Gowdy on Shooting of Unarmed Jogger in Georgia: ‘Why Did It Take the Video?’

By Melanie Arter | May 7, 2020 | 11:36am EDT
US Representative for South Carolina, Trey Gowdy, asks a question during a congressional House Judiciary Committee hearing on "Oversight of FBI and DOJ Actions Surrounding the 2016 Election," in Washington, DC, on June 28 2018. (Photo by NICHOLAS KAMM/AFP via Getty Images)
US Representative for South Carolina, Trey Gowdy, asks a question during a congressional House Judiciary Committee hearing on "Oversight of FBI and DOJ Actions Surrounding the 2016 Election," in Washington, DC, on June 28 2018. (Photo by NICHOLAS KAMM/AFP via Getty Images)

(CNSNews.com) - Former Rep. Trey Gowdy (R-S.C.) wondered Wednesday why it took for the video of an unarmed black man who was shot and killed by two men while jogging in Brunswick, Ga., to be released before authorities called for a grand jury investigation.
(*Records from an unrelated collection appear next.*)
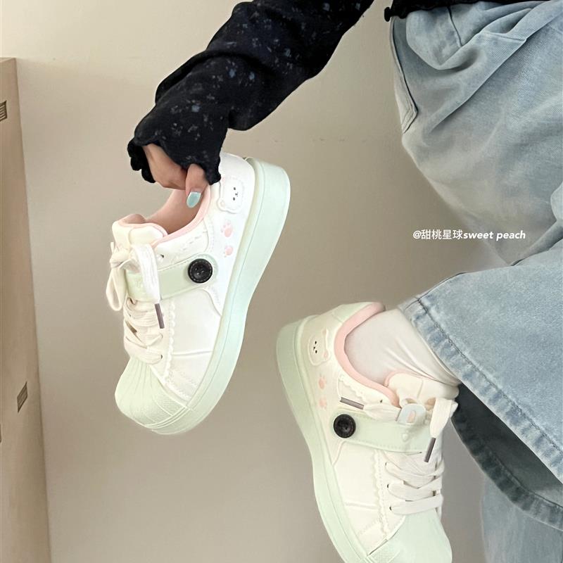 女款 小白鞋 2025新款 运动休闲百搭韩版 秋季 现货贝壳头小熊板鞋
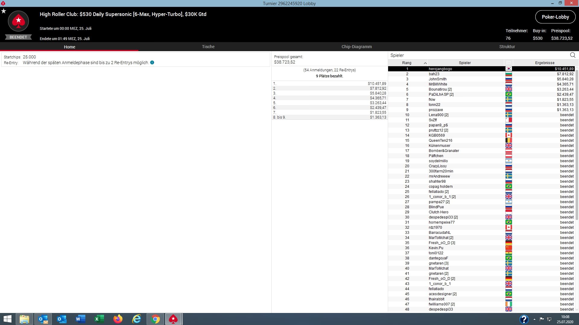 Außerdem gewann noch „herojangbogo“ aus Südkorea das $530 Daily Supersonic für $10.451. Dominik „Bounatirou“ Nitsche (GER/GBR) holte sich hier Platz 5 und $3.263.
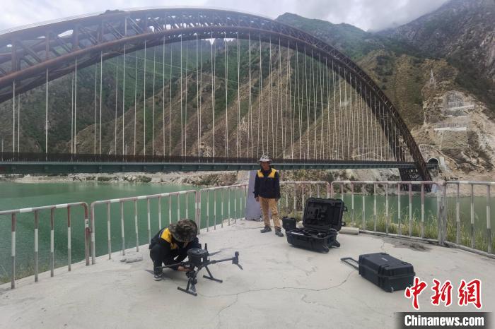 西藏拉林鐵路橋隧占比達到了75%,圖為工作人員在藏木雅魯藏布江雙線特大橋周邊巡檢?!±痛稳?攝
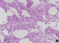 NSIP的病理表现:在增厚的肺泡壁内含有不同程度的炎症和纤维化。根据炎症和纤维化比例的不同将疾病分为3型:①细胞型,约占50%,主要表现为肺间质的炎症,很少或几乎无纤维化,是NISP最早的组织学表现。肺泡隔内的慢性炎症细胞主要为淋巴细胞和浆细胞浸润。其浸润程度比IPF更为突出;②混合型,约占40%,肺间质内有大量慢性炎细胞浸润和明显的胶原纤维沉着为特点,其病变相对一致,无蜂窝肺,部分病人可见少量成纤维细胞灶;③纤维化型,约占10%,肺间质内以致密的胶原纤维沉积为主,伴有轻微的炎症反应或缺少炎症。NSIP病变呈片状或弥漫性分布,但病变整个时相是一致的,很少有单纯性纤维化区,见不到IPF那样新老病灶并存的现象。支气管周围慢性炎细胞浸润,肺泡Ⅱ型上皮增生明显。灶性或片状肺泡腔内巨噬细胞聚集,常见多量泡沫细胞。近半数病例有灶性BOOP改变,所占比例很小。缺少急性肺损伤的小血管纤维素性血栓、肺泡腔内透明膜和上皮化生。
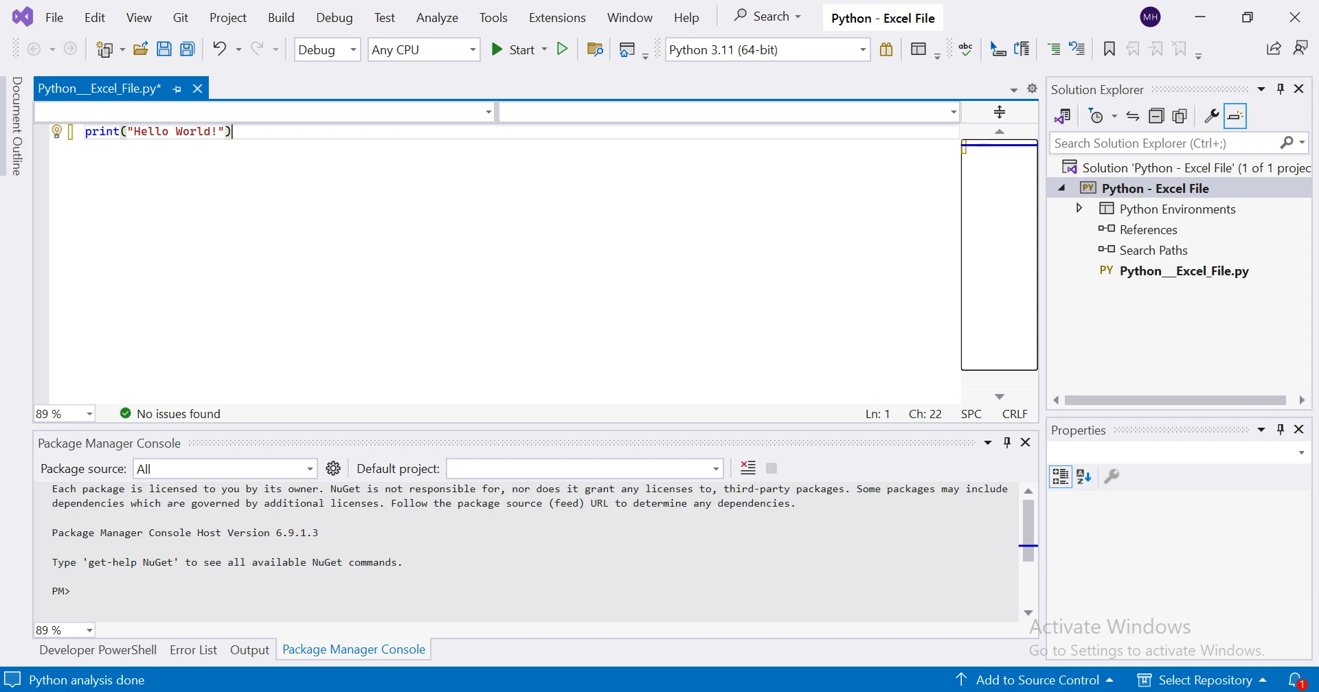 So bearbeiten Sie Excel-Dateien in Python: Abbildung 1 – Neues Projekt
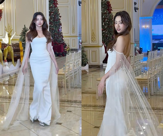 Miss World Vietnam 2019 diện chiếc trắng ôm dáng tinh tế, với điểm nhấn là tà bay tạo cảm giác mềm mại, thướt tha khi di chuyển.
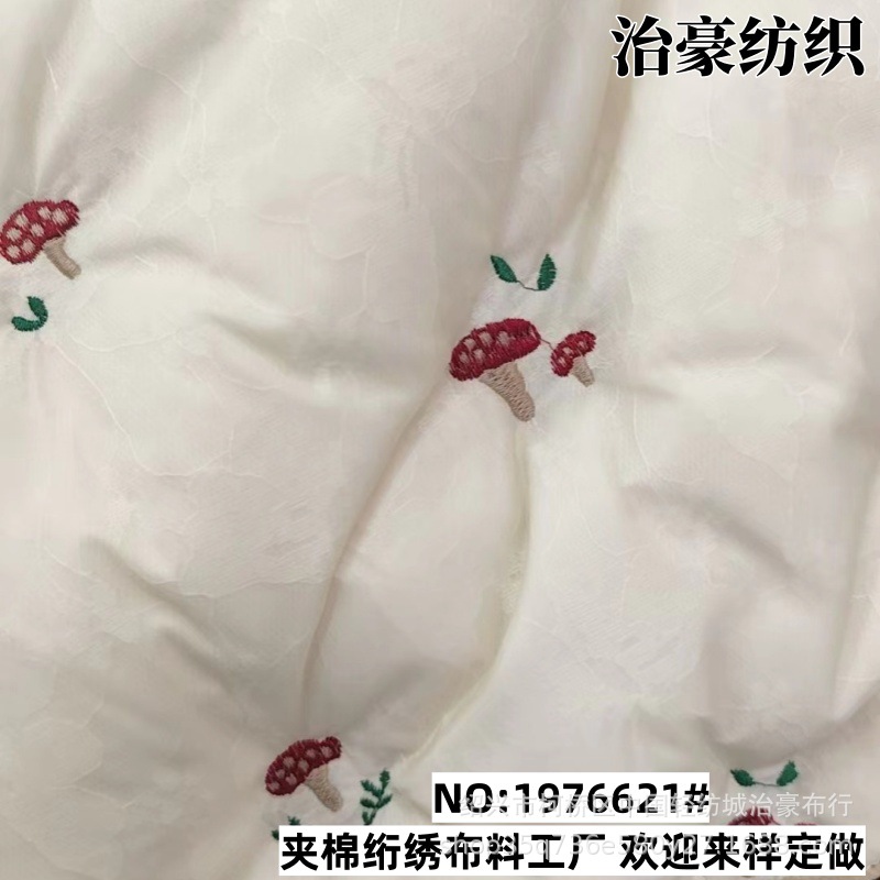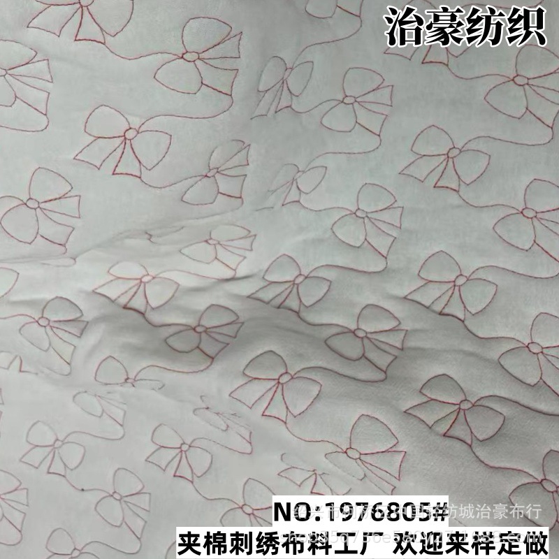 新款绗缝夹棉秋冬棉服面料平板收纳包斜跨包小蝴蝶结刺绣布绣花布
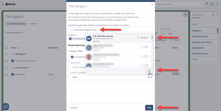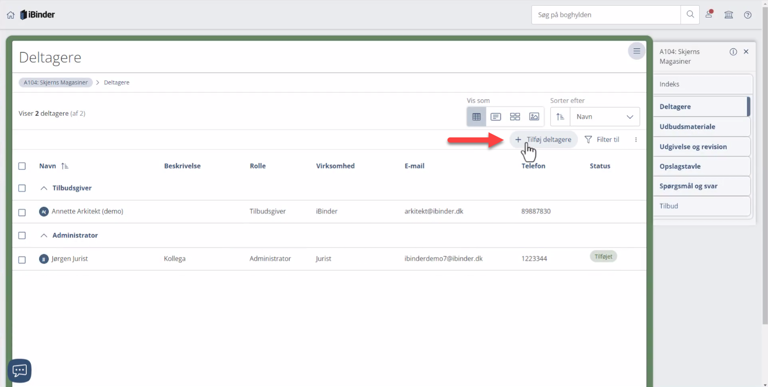 Du kan søge efter deltagere blandt eksisterende brugere i iBinder. Søg på f.eks. navn, by eller virksomhed. Finder systemet brugeren, kan du tilføje vedkommende ved at klikke på "Tilføj" efter vedkommendes navn.
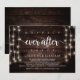 Hermosa fiesta de Siempre Felices, tarjeta de anuncio de boda / invitación de Elopement, en diseño de madera rústica de granja, Luces de Cadena. Esto es perfecto para la recepción de su boda y la fiesta de celebración después de la boda. Agregue sus detalles en letra / letra coincidente.#TeeshaDerrick
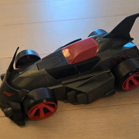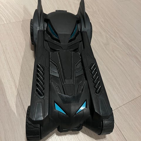 Batman Batmobile lekebil i blå farge med tilhørende Batman-figur. Lekebilen har en åpning på toppen hvor figuren kan plasseres. Passer som leketøy for barn.
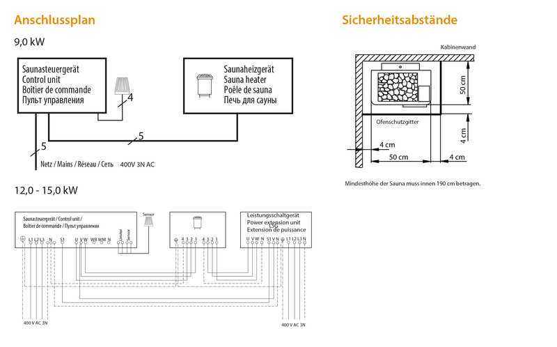 Mindestmaß der Be- und Entlüftung (9,0 / 12,0 / 15,0 kW) | 35 x 6 cm / 35 x 7 cm / 35 x 9 cm |
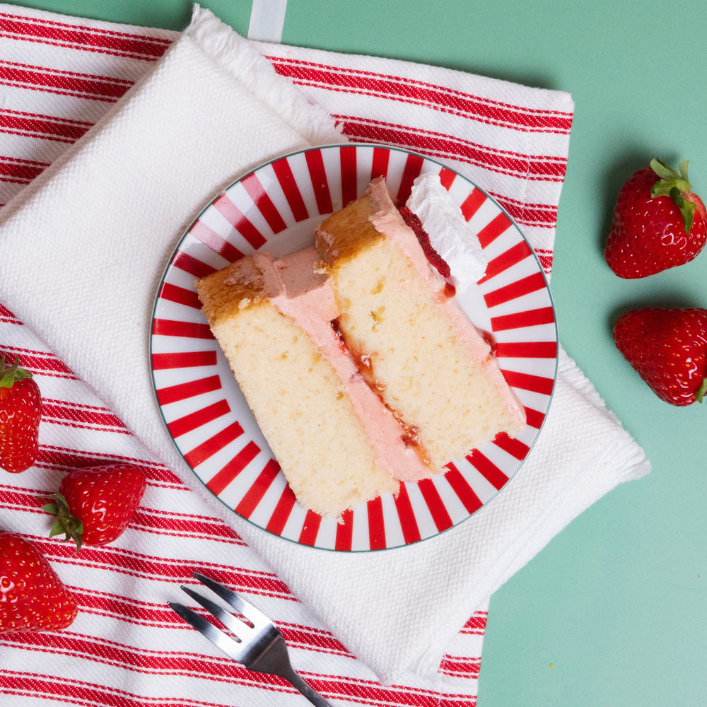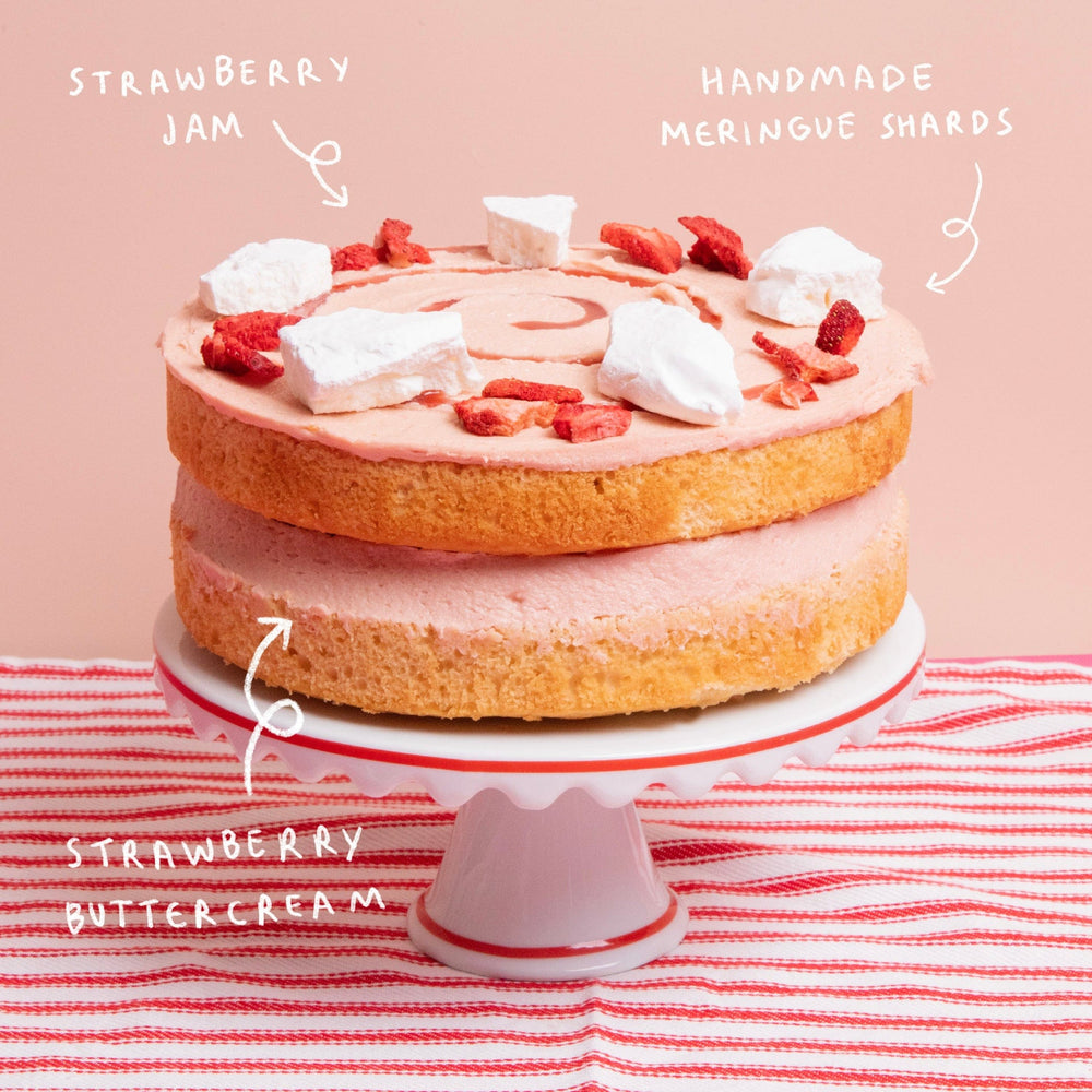 Say hello to summer on a cake stand. Our Eton Mess Cake is a joyful twist on an iconic British dessert, with layers of fruity strawberry buttercream, strawberry jam and light vanilla sponges. It’s finished by hand with a beautiful scattering of freeze-dried strawberries and sweet meringue shards. This delicious celebration cake is a limited edition bake, so catch it while you can!
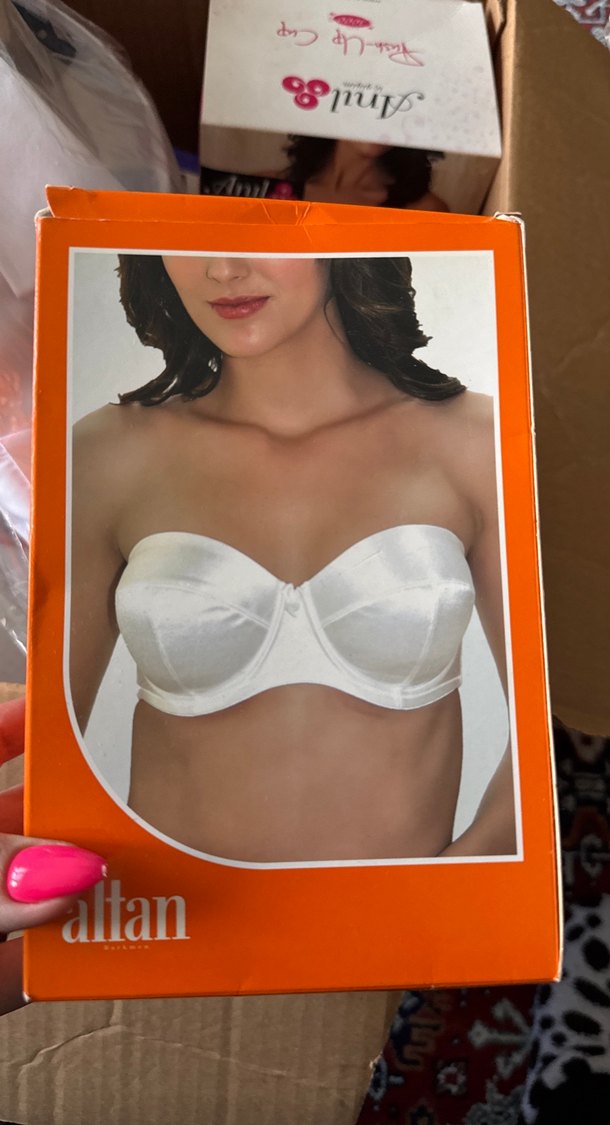 Beyaz straplez, baskılı desenli ve bohem tarzda tasarlanmış bir büstiyerdir. Normal uzunlukta rahat destek sağlar. Üzerinde 'altan' markası bulunur. Sıfırdır. 75 D beden
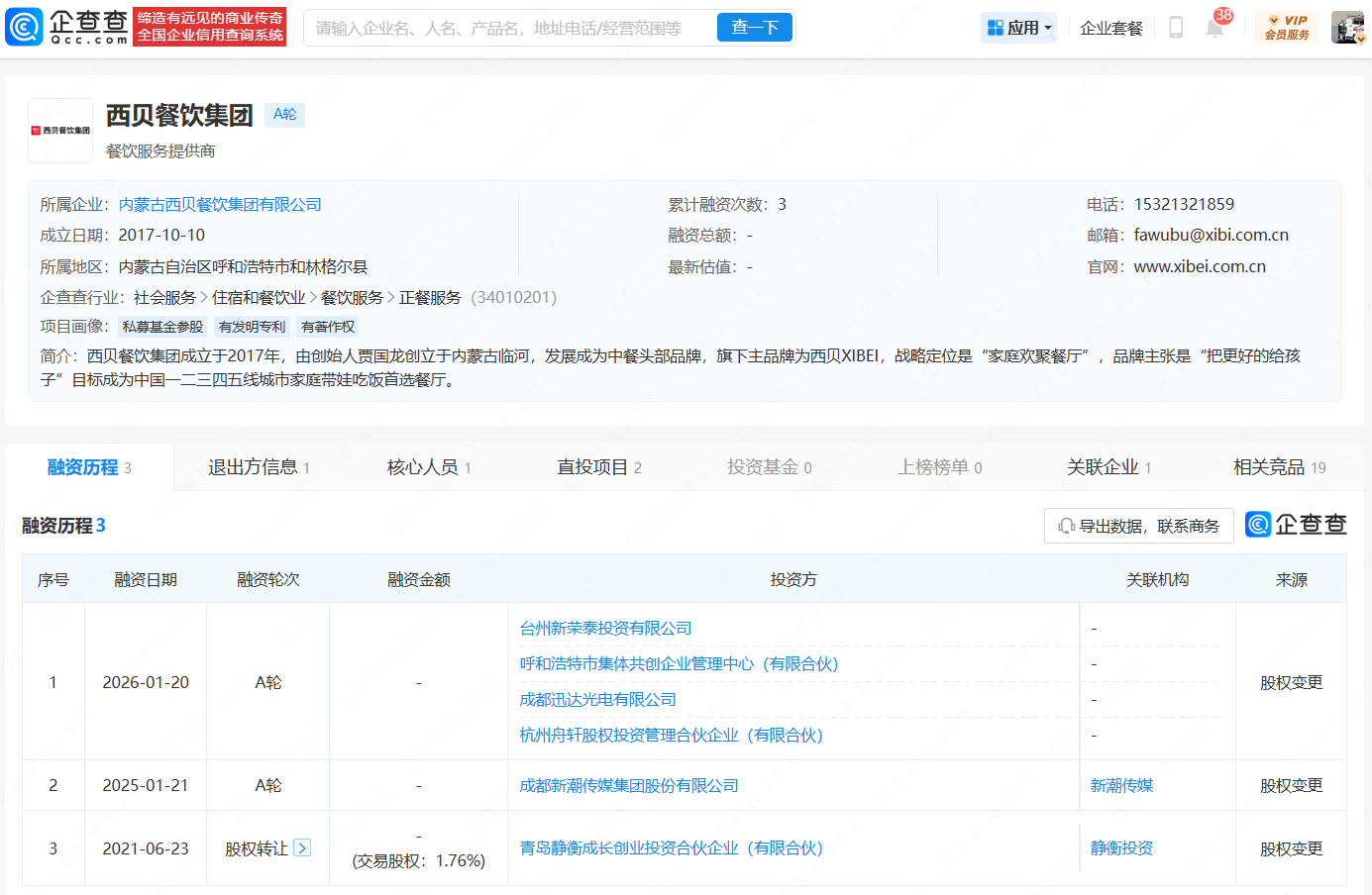 据企查查,内蒙古西贝餐饮集团有限公司获A轮融资。投资方包括台州新荣泰投资有限公司、呼和浩特市集体共创企业管理中心(有限合伙)、成都迅达光电有限公司、杭州舟轩股权投资管理合伙企业(有限合伙)等。

The incident took place in February and didn’t receive national attention until video of the incident went viral on the internet.


Twenty-five year old Ahmaud Arbery was chased down by Gregory McMichael, a former police officer and former investigator, and his son, Travis McMichael, and shot and killed. Gregory McMichael told police they thought Arbery was a burglary suspect.

A special prosecutor assigned to the case recommended that a grand jury hear the case.

“We need a justice system that everyone regardless of color or ethnic background has confidence in. I guess my first question is, why did it take the video? If you have someone who is jogging, who is unarmed, who is shot and killed by officers who aren’t officers, they’re not even law enforcement officers, why did it take the video?” Gowdy told Fox News’ “The Daily Briefing with Dana Perino.”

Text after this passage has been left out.